Sahotra Sarkar

Sahotra Sarkar (born 1962) is a philosopher of science and conservation biologist at the University of Texas at Austin. He is one of the founders of systematic conservation planning within conservation biology, promoting the use of multi-criteria decision analysis and supervising the creation of the ConsNet decision support system. In this context he has advocated participatory environmental planning and strongly criticized the imposition of authoritarian and discriminatory environmental policies on local residents. His laboratory also works on a suite of neglected tropical diseases (or diseases of poverty) including Chagas disease, dengue, leishmaniasis, and tick-borne diseases.

In the philosophy of biology Sarkar is known for his work on reductionism and criticism of hereditarian thinking in biology as well as the use of informational concepts in molecular biology. In the philosophy of physics Sarkar is known for controversially defending the conventionalism of simultaneity in special relativity (with John Stachel) and suggesting a stochastic modification of quantum dynamics. Earlier in his career he worked in mathematical population genetics where, in collaboration with Wing Ma and Guido Sandri, he was responsible for the standard recursion relation to compute the Luria-Delbruck distribution in bacterial genetics.

Sarkar is also a noted critic of creationism and intelligent design and played an important role in combating attempts to introduce creationism into high school curricula in Texas.

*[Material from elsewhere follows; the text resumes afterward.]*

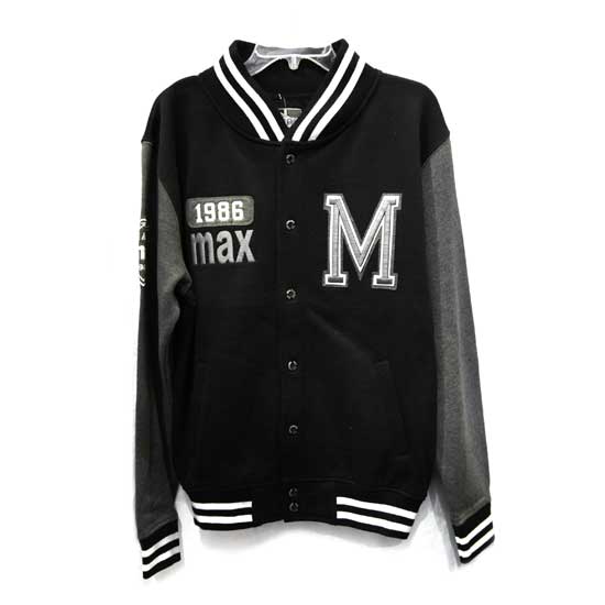 This men's jacket features bold logos on the chest and sleeves. The functional jacket is designed with a front button closure. The collar, hem and cuffs are designed with contrasting striped patterns.

Sarkar is originally from India where he lived in Darjeeling until 1975. He earned a BA from Columbia University, and a MA and PhD from the University of Chicago. He was a Fellow of the Wissenschaftskolleg zu Berlin (1996 -1997), the Dibner Institute for the History of Science (1993 -1994), and the Edelstein Centre for the Philosophy of Science (1992). He was a Visiting Scholar at the Max Planck Institute for the History of Science in Berlin (1997 -1998, 2002 -2003) and taught at McGill University before moving to Texas. His doctoral students include Michael Ciarleglio, David Frank, Trevon Fuller, Justin Garson, Susan Mooney, and Samraat Pawar.